++++ INPUT ++++

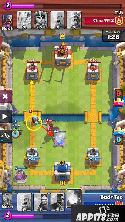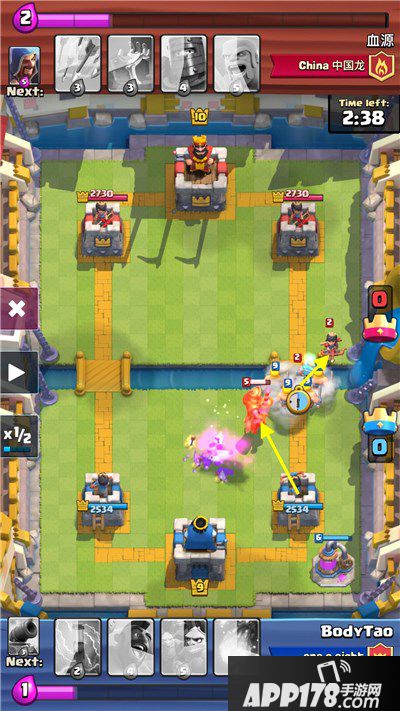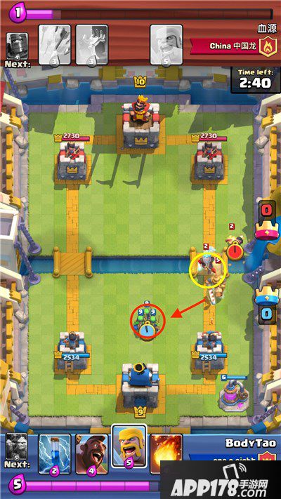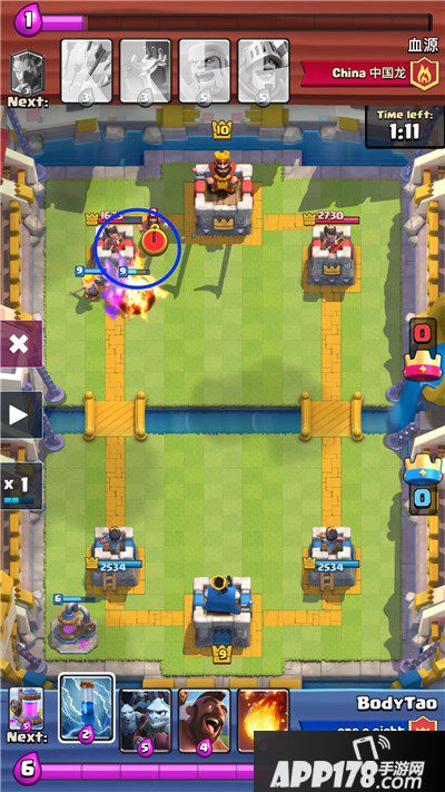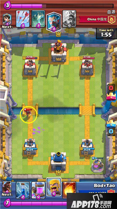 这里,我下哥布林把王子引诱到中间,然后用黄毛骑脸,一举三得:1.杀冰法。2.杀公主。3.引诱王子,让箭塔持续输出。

++++
++++ INPUT ++++

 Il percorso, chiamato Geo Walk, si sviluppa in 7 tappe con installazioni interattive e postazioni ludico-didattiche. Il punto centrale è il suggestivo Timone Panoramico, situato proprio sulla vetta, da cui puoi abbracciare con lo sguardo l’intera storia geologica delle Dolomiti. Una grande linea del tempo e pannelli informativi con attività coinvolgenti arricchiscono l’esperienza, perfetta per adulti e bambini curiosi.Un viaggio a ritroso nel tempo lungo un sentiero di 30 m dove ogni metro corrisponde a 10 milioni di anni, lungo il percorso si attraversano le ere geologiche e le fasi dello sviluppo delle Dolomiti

++++
++++ INPUT ++++

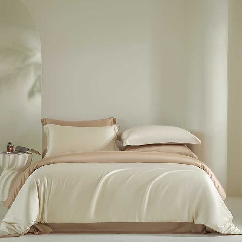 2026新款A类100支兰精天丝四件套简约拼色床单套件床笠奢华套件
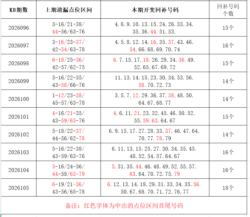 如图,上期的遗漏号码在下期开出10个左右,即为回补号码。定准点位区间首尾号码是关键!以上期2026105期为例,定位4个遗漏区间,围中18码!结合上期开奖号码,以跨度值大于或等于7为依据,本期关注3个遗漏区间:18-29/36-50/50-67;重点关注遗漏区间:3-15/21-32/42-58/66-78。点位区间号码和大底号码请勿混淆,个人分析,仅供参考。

++++

(TO DO):
Take the material above and output only the lines from the one that contains "2026新款A类100支兰精天丝四件套简约拼色床单套件床笠奢华套件" through the one that contains "如图,上期的遗漏号码在下期开", ends included and images left out.

(ANSWER SECTION):
 2026新款A类100支兰精天丝四件套简约拼色床单套件床笠奢华套件
 如图,上期的遗漏号码在下期开出10个左右,即为回补号码。定准点位区间首尾号码是关键!以上期2026105期为例,定位4个遗漏区间,围中18码!结合上期开奖号码,以跨度值大于或等于7为依据,本期关注3个遗漏区间:18-29/36-50/50-67;重点关注遗漏区间:3-15/21-32/42-58/66-78。点位区间号码和大底号码请勿混淆,个人分析,仅供参考。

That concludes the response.